The quality of your ticket directly determines the speed of resolution. Submit one issue per ticket — combining multiple unrelated issues complicates routing and resolution tracking. Use specific asset and module names: "Corrective work order not auto-routing to the HVAC team in Building B, Site Chennai-2" gives the support team everything they need to begin investigation immediately. Attach evidence on the first submission. Include your environment details — device type, Cryotos app version, browser version, and date/time of the issue. Respond to follow-up requests within 24 hours to avoid adding delays to your resolution timeline.
Every ticket you submit is visible in your Cryotos support portal dashboard, showing ticket status, priority level, assigned support agent, all correspondence and notes, attachments and resolution documentation, and SLA compliance indicators. For organizations with multiple sites, Cryotos allows administrators to configure ticket visibility by role.
The Cryotos support ticket workflow is a direct extension of your maintenance operations. When a Bug is affecting your IoT sensor integration, it is potentially masking equipment failures that your team cannot see. When a CCR is blocking an inspection workflow, it is a compliance risk. Treating your Cryotos support tickets with the same discipline you apply to your work order management — clear descriptions, the right priority, prompt follow-up — means your CMMS runs at the level your operations require.
A Bug is an unintended defect in the Cryotos application that is not working as designed.
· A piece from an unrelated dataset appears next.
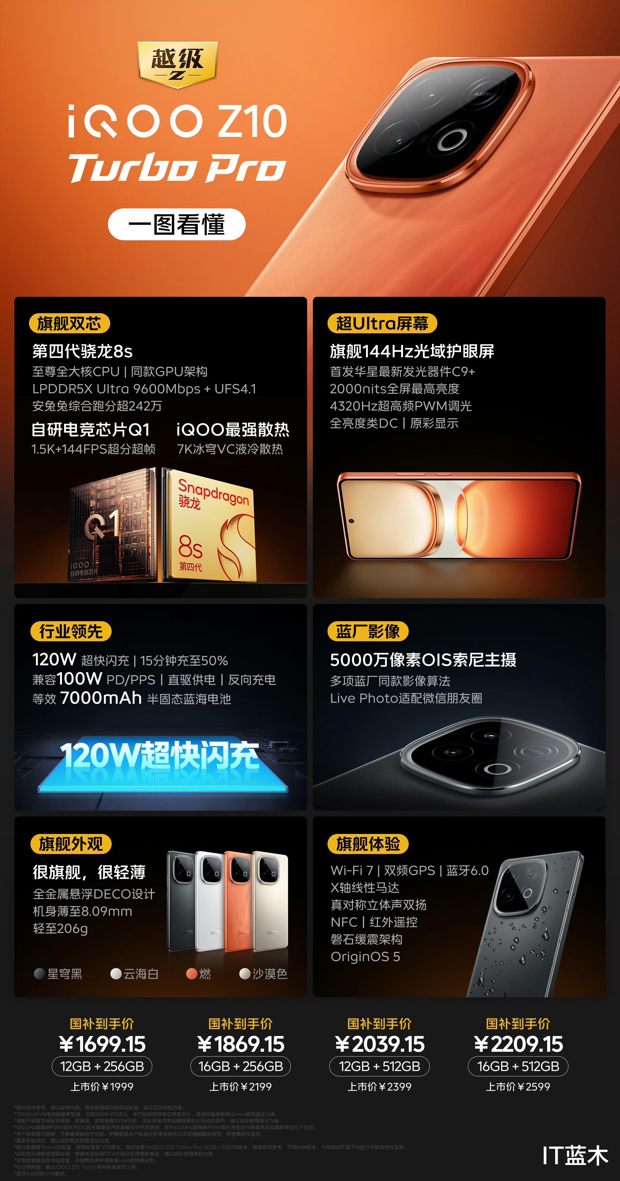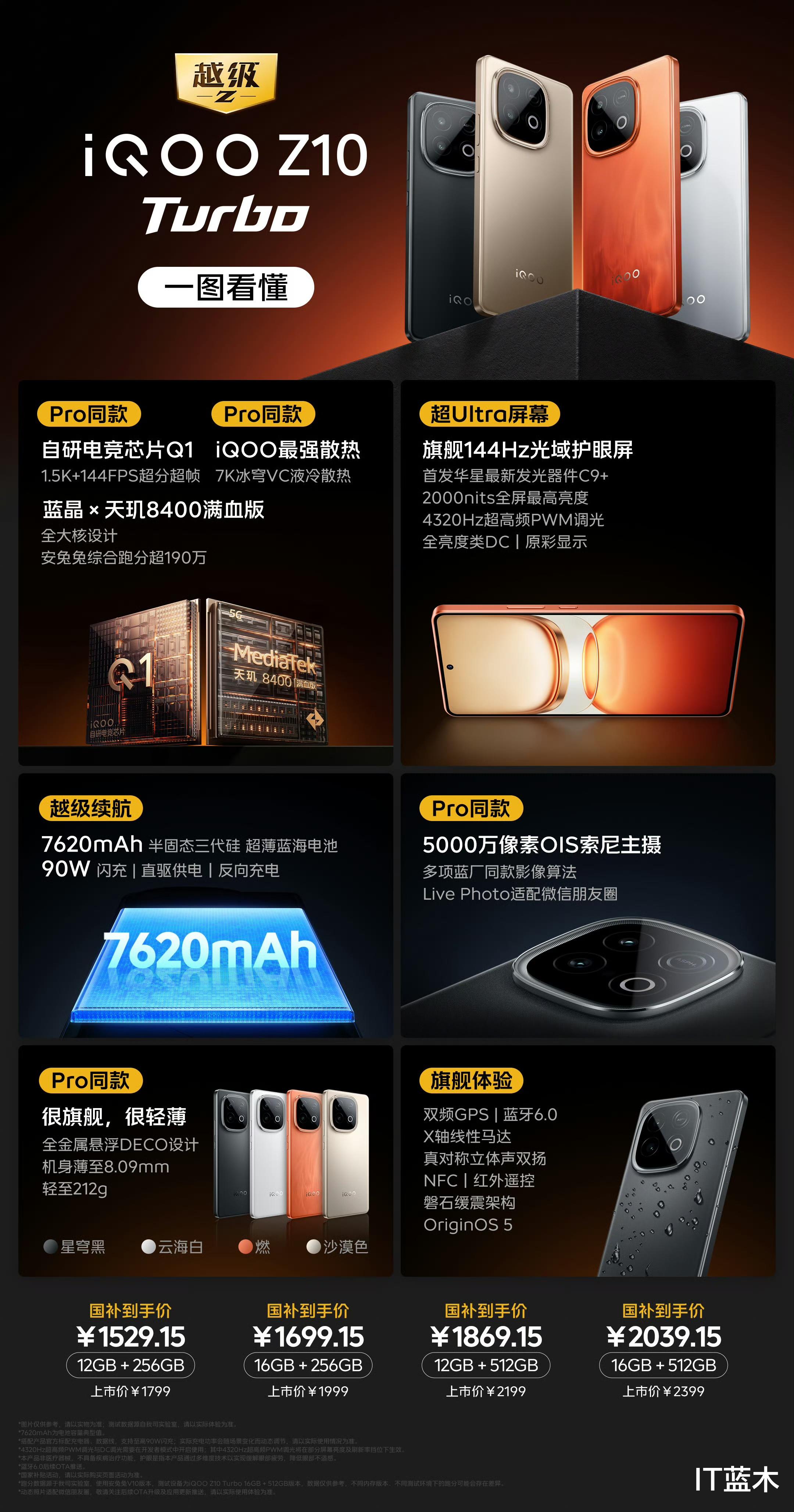 iQOO Z10 Turbo,内存12+256GB起步,价格1799元至2399元,国补后1529元起。iQOO Z10 Turbo参数如下:

A CCR (Change/Correction Request) is a deliberate request to modify how Cryotos works, either through a configuration change or a product enhancement. Bugs are investigated and fixed by the development team. CCRs are reviewed by the product team and implemented if accepted.
Critical Bugs have a 1-hour first-response SLA. Configuration-level fixes may be deployed within hours. Code-level defects requiring a release may take longer, but Cryotos will provide a workaround or interim resolution to restore operational capability while the permanent fix is developed.
Yes. The Cryotos support portal is accessible from both the web application and mobile app. Tickets submitted from mobile include your app version and device information automatically, which helps the support team diagnose mobile-specific issues without needing to request these details separately.
For a Bug report, include the exact steps to reproduce the issue, what you expected to happen vs what actually happened, the asset or module where the issue occurred, your device type and OS, the Cryotos app or browser version, and at least one screenshot or screen recording.
Open the ticket in the Cryotos support portal and add a comment requesting an update. Include the ticket reference number and a brief statement of the operational impact. For urgent operational issues, use the escalation option on the ticket form to flag the issue for senior attention. The support team will acknowledge escalation requests within 1 hour during business hours.